パリの下にもうひとつあるパリ…パリの下水道を知る
下水道博物館の展示室は地下3mに位置し、空気は少しひんやり。実際の下水に近づくため、独特の匂いがある。
中世から手つかずの入り組んだ細い道のせいで風通しが悪く、道路の中央の凹みに垂れ流された汚水がそのままセーヌ川に流れていたパリではたびたび伝染病が流行し、1832、1849年にはコレラが流行して多くの犠牲者を出しました。都市衛生の改善を叫ぶ医師や科学者たちが増え、セーヌ県知事ジョルジュ・オスマンが指揮した大規模な都市整備に繋がり、下水道のネットワークもその一環で大きく発展しました。このとき、責任者として現在まで使われるパリの近代的な下水道を完成させたのがウジェーヌ・ベルグランという人物です。

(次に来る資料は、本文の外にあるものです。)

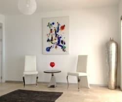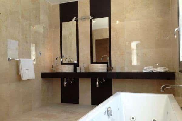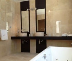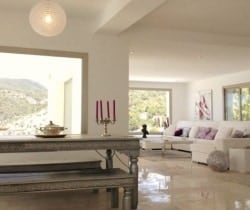 Distributed on 3 levels, the villa has 6 bedrooms en suite with air conditioning and sleeps a capacity of 12. There are uniquely 2 large master bedroom suites: one on the lower level and one on the upper level, which slides open to a huge sea view terrace. The other upper floor bedroom has the added luxury of 2 full baths, while 2 of the 3 bedrooms on the lower level open to large private terraces with splendid vistas. The bathrooms are suitably appointed and clad in marble and the large kitchen is fully equipped for preparing meals for the family and friends, which can be enjoyed inside and outdoors at the long marble table. There is a delightful choice of spaces in which to enjoy blissful rest and relaxation, including poolside bedecked with loungers and artful sunbeds.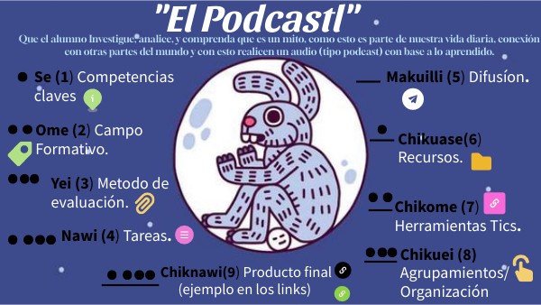 Los momentos para implentar el trabajo colegiado son: 1.-Nos motivamos: Lluvia de ideas en torno a la pregunta “Que sabemos sobre los mitos y como esto forman parte de nuestra historia”, 2.-Planificamos: En equipo se organiza que vamos hacer, es decir buscar leyendas como ejemplo y delegar responsabilidades 3.-Indagamos : Los alumnos van a explorar y analizar la información acerca de mitos de como se fundaron las civilizaciones en el aula de medios por el cual van a realizar una investigación en equipo acerca de las culturas. 4.-Resolvemos: Con la información obtenida de la clase anterior elaborar el guion para su podcast contando un mito fundacional de una de la civilización, como también con el iPad de la maestra buscarán efectos que les puedan ayudar y harán el primer intento para grabar. 5.Producimos: Los equipos van a grabar los audios en frente de todo el salón y/o podrán salir a las canchas o patio (antes de que el maestro se vaya deberán entregarlo por vía bluetooth). 6.-Socialisamos: 1-Por medio de el juego papel o tijeras los grupos presentaran su audio al resto del salón. En el transcurso que escuchen los podcasts en su cuaderno apuntaran las similitudes y diferencias de los mitos que les tocaron. (dentro de este punto los alumnos de cada grupo realizaran una coevaluación y autoevaluación) 2.-En plenaria se discutirán las similitudes y diferencias por el cual saldrá una conclusión de la importancia de conocer los mitos del origen de México e incluso contextualizarlo en la vida personal.

1848年には96kmしかなかったパリの下水道の全長は現在2,600kmにも及び、飲料水や電気、光ファイバーなど、他のパイプや回路も通っています。地上の通りごとに下水道が置かれ、通り名のプレートもついているので、まるで地下にもう1つのパリの町があるかのようです。普段は見ることができない、この隠された第2の町には、パリに住む人々や芸術家たちの想像力をかき立てるものがあったのでしょう。フランスの文豪ヴィクトル・ユーゴーもその1人です。『レ・ミゼラブル』ではジャン・バルジャンが下水道に逃げ込むシーンが有名ですが、それに留まらず、この小説の中の「巨獣のはらわた」という1章がパリの下水道の歴史に割かれたほどでした。1867年のパリ万博でアトラクションの1つとして下水道見学ツアーが開催されたのを皮切りに、一般公開は続き、1975年には、セーヌ川にかかるアルマ橋のふもとに下水道博物館が開館。実際に稼働するポンプ場を見学しながら、パリの都市としての発展にも貢献した下水道の歴史や、処理の仕組みなどを学べる興味深いスポットで、2021年にリニューアルオープンしました。
昨年のパリ五輪で、トライアスロンやオープンウォータースイミングの会場となったセーヌ川の水質の問題が話題になり、直前までセーヌ川で実施できるかどうかハラハラしました。これは、パリの下水システムがベルグランの時代から変わらない合流式(フランス語でTout à l’égout=すべて下水へと呼ぶ)であることが大きな理由となっています。雨水と生活排水が同じ管を通る合流式は、大雨が降ると処理しきれなくなった汚水がセーヌ川に流出することがあるためです。